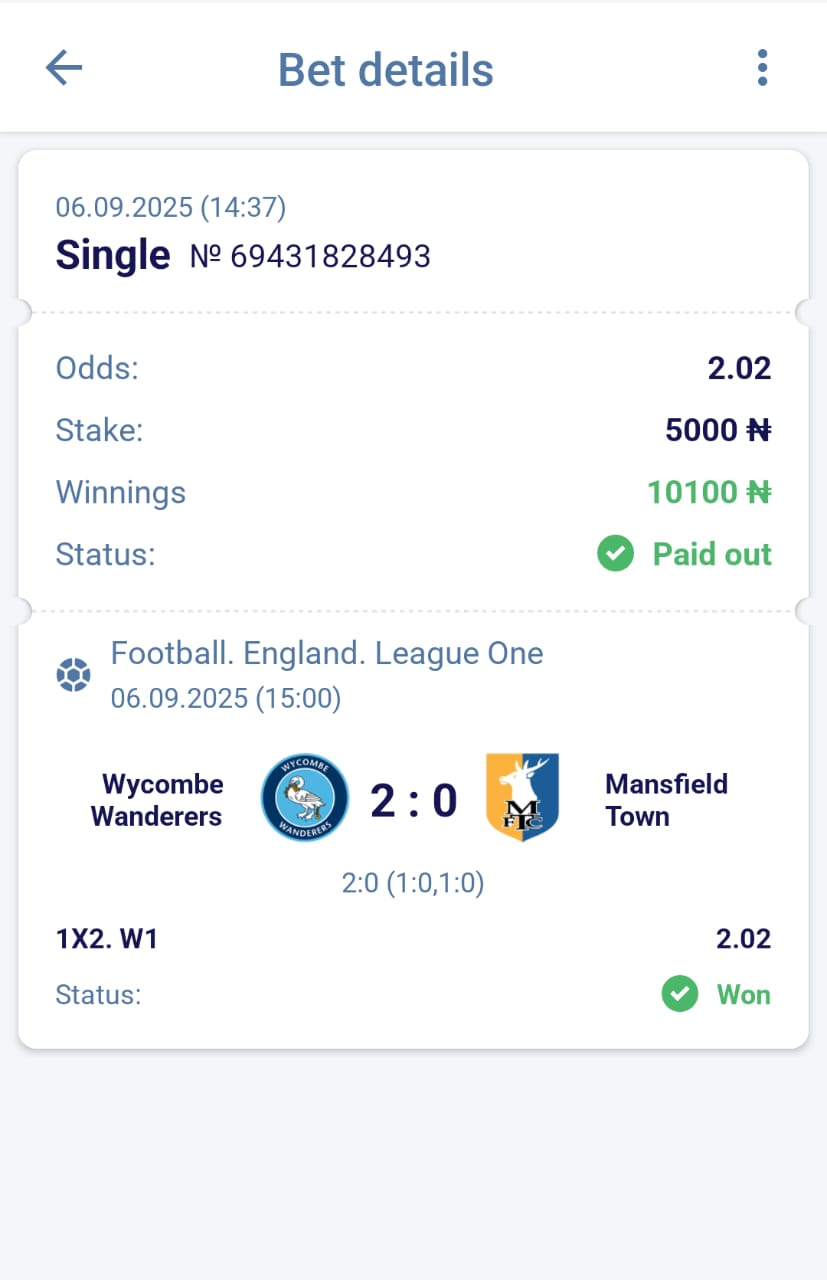 ENG | Wycombe VS Mansfield | 1 | 2 : 0 |
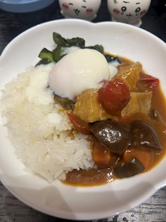 こんにちはー! アテナのゆめかです 🤍 夏カレーみたいなのをつくりました ✨ カレーには温泉卵と福神漬けみたいなのをのせるのがだいすきです 🤍 みなさんはなにをのせるのがすきですか?
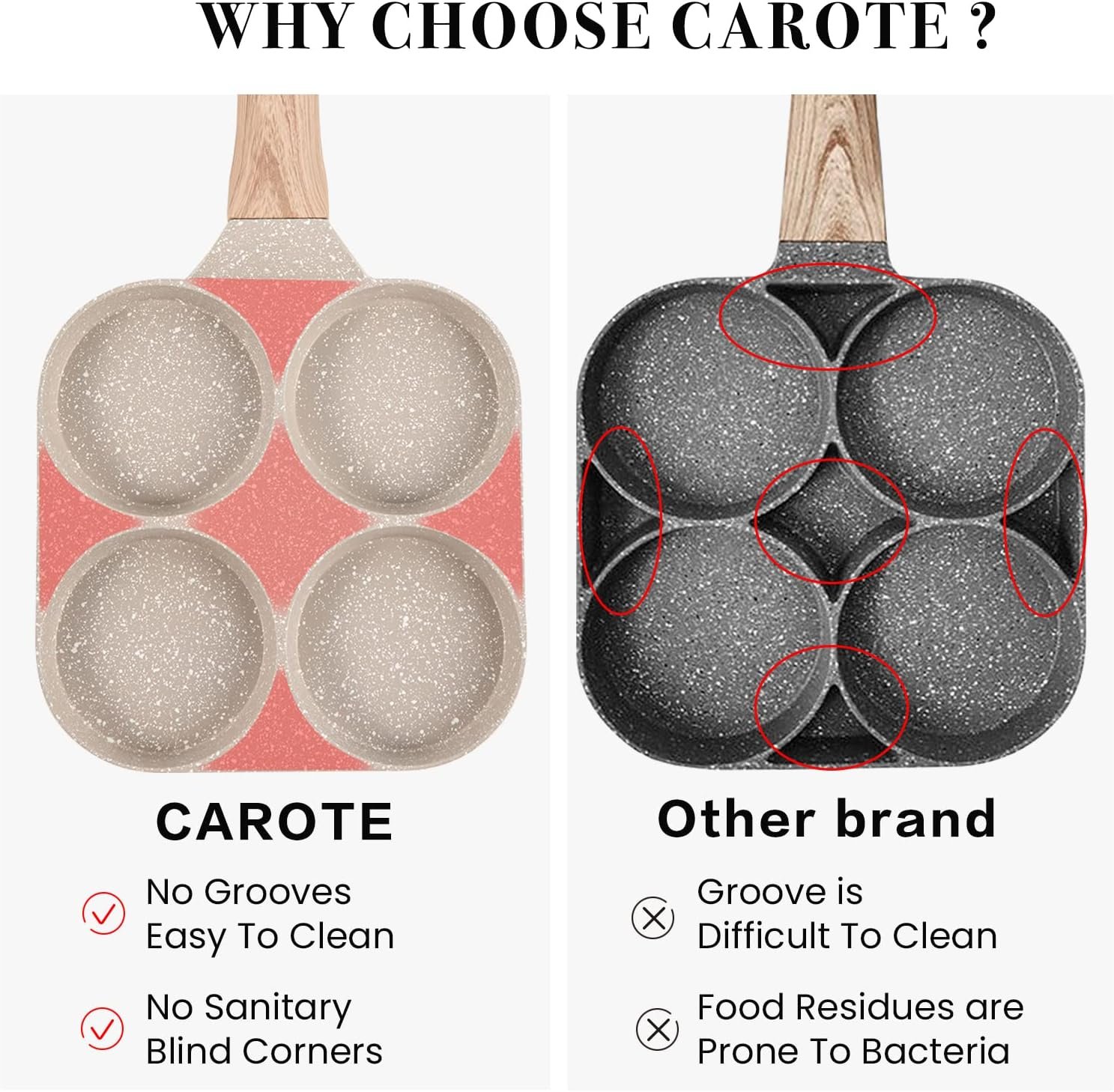 Eco-friendly Granite Non-Stick Material: Carote egg pancake pan with nonstick granite material. With 100% Free of PFOS, PFOA, our 4-Cup egg frying pan ensures your daily cooking is always safer and healthier.
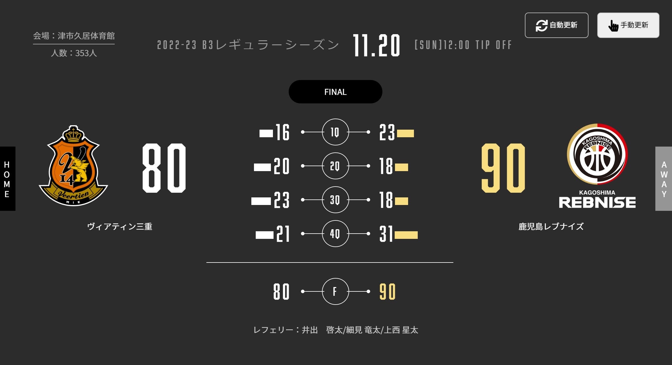 本日(11/20)、B3リーグ 2022-23シーズン 第7節 AWAY 津市久居体育館でヴィアティン三重と対戦しました。試合結果をお知らせします。
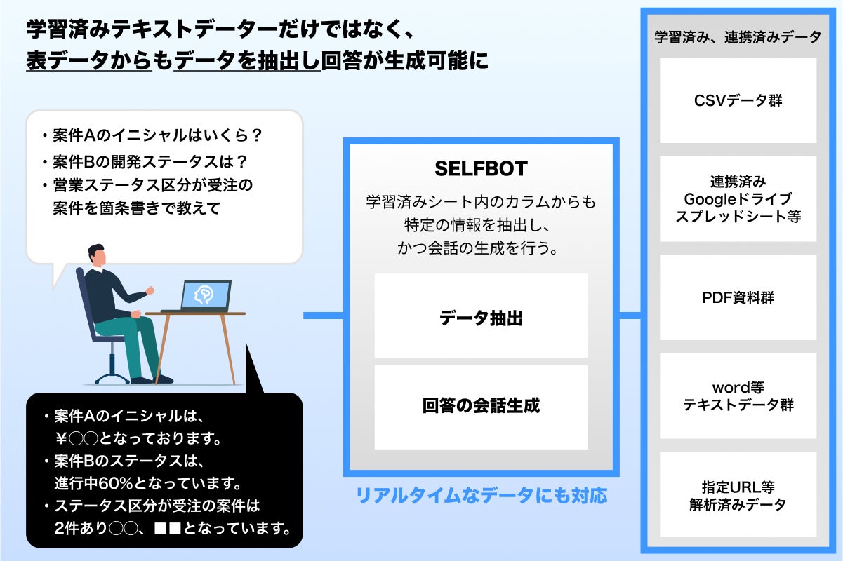 SELFBOTは、学習用のファイルを用意するなどの手間は不要。すでにあるドキュメントやサイトURLから即座に学習するため、短期間での導入が可能で、導入企業側の手間も大幅に削減。

+-------+

» ASSIGNED TASK
Images stay out; the entries above are to be printed exactly.

» SOLUTION TO THIS PROBLEM
 ENG | Wycombe VS Mansfield | 1 | 2 : 0 |
 こんにちはー! アテナのゆめかです 🤍 夏カレーみたいなのをつくりました ✨ カレーには温泉卵と福神漬けみたいなのをのせるのがだいすきです 🤍 みなさんはなにをのせるのがすきですか?
 Eco-friendly Granite Non-Stick Material: Carote egg pancake pan with nonstick granite material. With 100% Free of PFOS, PFOA, our 4-Cup egg frying pan ensures your daily cooking is always safer and healthier.
 本日(11/20)、B3リーグ 2022-23シーズン 第7節 AWAY 津市久居体育館でヴィアティン三重と対戦しました。試合結果をお知らせします。
 SELFBOTは、学習用のファイルを用意するなどの手間は不要。すでにあるドキュメントやサイトURLから即座に学習するため、短期間での導入が可能で、導入企業側の手間も大幅に削減。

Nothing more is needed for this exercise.